Betanki twierdzą, że w zgromadzeniu zaczął rosnąć niepokój, gdy dotarły informacje o prywatnym objawieniu siostry Jadwigi. Same objawienia nie pokrywały się z nauką Kościoła katolickiego, a nawet odstępowały od tego nauczania.
Dlatego w 2004 siostry poprosiły o interwencję Stolicę Apostolską. Efektem tego była wizytacja zakonu w Kazimierzu i mianowanie nowej przełożonej generalnej s. Barbary Robak. Ale nowej zwierzchniczki buntowniczki nie wpuściły na bramę.

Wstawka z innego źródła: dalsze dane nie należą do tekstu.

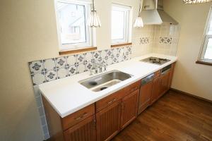 親御さんの敷地の中に建替えをさせて頂きました。既存の建物と違和感なく調和するように心がけてあります。フルタイムのお仕事をされている奥様の為にサンルームは必須でした。でもぽかぽかだからワンちゃんに独占されてるかなぁ??

Zarząd Generalny Zgromadzenia Sióstr Rodziny Betańskiej podkreśla, że nowa przełożona w porozumieniu ze Stolicą Apostolską oraz abp. Józefem Życińskim podejmowała "liczne próby nawiązania dialogu
z s. Jadwigą i grupą sióstr oraz postulantek i nowicjuszek przebywających w Kazimierzu”. Pomagali im też księża, pracownicy KUL, rodzice. Bez skutku.
Zbuntowane zakonnice zostały wydalone z zakonu w październiku 2006 r. Nie mają już prawa przebywać w siedzibie zgromadzenia w Kazimierzu Dolnym, ale nadal tam mieszkają. Same nie chcą opuścić budynku i nikt, ani policja, ani władze kościelne, nie są w stanie ich stamtąd usunąć. W tej sytuacji zgromadzenie
nie może dysponować swoją własnością, choć opłaca rachunki za energię elektryczną i gaz. A deklaruje, że chciałoby przywrócić domowi zakonnemu jego właściwe przeznaczenie.